Однажды Калмыкова позвала Лену к себе в комнату, и первое, что бросилось ей в глаза, — торжественный вид оказавшегося тут же Петра Никодимыча. На старике был двубортный костюм из тяжелого добротного бостона, сшитый по покрою пятидесятых годов, и яркий расписной галстук — дань современной моде. Лена с трудом подавила улыбку и подумала, что причина, из-за которой ее зазвали сюда, и впрямь очень важная, если старик, разгуливающий по квартире по-домашнему, предстал вдруг при полном параде.
— Пришла? Ну и хорошо, — пропела Екатерина Никитична. — Вот Петр Никодимыч, — показала она пальцем на старика, хотя Лене вовсе не нужно было его представлять, — он сейчас все объяснит.
Но Петр Никодимыч объяснять ничего не стал, только взял со стола листок бумаги, вырванный из тетради в клетку.
— Такое, значит, дело. Надо это подписать. От имени общественности жильцов квартиры, значит.
Лена медленно прочитала заявление, где предлагалось выселить Шуренка из квартиры как «лицо без определенных занятий» и где в скобочках квадратными буквами была аккуратно выведена ее фамилия «Василенко», притом рядом со скобками, внизу и вверху, с обеих сторон были проставлены точки, что придавало письму вид отчасти художественный. Лена молча положила письмо на стол.
— Что же ты? — с недоумением спросил Петр Никодимыч, подсовывая ей ручку, предусмотрительно обмакнув перо в школьную «непроливайку». — Или испугалась кого?
— Пугаться мне некого, а подписывать письмо я не стану.
— Да он же хулюган! — взвизгнула Екатерина Никитична. — Он же нас всех перережет здесь, в собственной квартире! За себя не боишься, за дочку побойся хотя бы!

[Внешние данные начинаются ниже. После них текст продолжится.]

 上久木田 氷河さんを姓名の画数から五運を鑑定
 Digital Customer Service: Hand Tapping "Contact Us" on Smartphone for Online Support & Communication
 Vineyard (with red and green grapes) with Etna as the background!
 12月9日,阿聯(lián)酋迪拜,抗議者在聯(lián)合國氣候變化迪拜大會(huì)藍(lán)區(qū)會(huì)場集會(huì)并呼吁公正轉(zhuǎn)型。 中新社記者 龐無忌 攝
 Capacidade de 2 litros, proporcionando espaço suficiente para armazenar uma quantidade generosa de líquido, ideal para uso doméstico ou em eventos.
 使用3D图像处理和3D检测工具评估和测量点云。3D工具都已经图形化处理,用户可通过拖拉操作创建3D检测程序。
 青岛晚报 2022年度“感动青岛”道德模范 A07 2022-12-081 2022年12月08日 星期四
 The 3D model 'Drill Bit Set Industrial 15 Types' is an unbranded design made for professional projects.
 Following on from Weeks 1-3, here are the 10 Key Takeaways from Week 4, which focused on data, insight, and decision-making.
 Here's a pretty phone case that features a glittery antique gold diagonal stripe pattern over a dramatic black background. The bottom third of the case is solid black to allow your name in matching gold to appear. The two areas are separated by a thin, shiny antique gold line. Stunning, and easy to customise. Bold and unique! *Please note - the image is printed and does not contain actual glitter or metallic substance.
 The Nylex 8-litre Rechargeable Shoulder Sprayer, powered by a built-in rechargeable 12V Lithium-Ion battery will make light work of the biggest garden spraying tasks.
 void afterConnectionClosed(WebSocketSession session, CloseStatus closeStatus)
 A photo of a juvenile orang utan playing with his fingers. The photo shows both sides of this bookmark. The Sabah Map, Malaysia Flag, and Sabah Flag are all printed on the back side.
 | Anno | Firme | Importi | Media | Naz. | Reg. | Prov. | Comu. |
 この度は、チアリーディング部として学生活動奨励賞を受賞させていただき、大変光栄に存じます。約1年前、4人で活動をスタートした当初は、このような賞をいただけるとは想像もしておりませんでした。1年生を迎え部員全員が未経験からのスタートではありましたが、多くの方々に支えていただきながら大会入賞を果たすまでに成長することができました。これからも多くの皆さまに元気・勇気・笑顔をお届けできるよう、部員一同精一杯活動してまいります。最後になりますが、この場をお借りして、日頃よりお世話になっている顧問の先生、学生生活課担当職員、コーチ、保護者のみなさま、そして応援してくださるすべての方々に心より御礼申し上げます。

— Подожди, — поморщился Петр Никодимыч, — зачем же так! Она, значит, еще не подумала, потом подумает и, значит, подпишет. Вот, возьми, — протянул он листок Лене.
— Не нужно мне это письмо! — оттолкнула она руку и выбежала из комнаты.
Ей было жаль не Шуренка, а Васильевну, но если рассудить, то и к парню снисхождение не мешало бы иметь: ладно, попал в беду, вернулся, так помогите ему, а не отмахивайтесь, как от прокаженного… Все было так, но Лена понимала, что теперь она бросила вызов и ей не избежать квартирных баталий.
4
Наконец она решила встретиться с Валентином. Будь что будет, один раз живем! И вот уже нарядная, возбужденная Машенька и ее мама — не такая, конечно, нарядная, как дочка, но все же — с сияющими глазами поджидают у метро того, кто должен сегодня или оправдать надежды, или окончательно их развеять, — словом, будь что будет!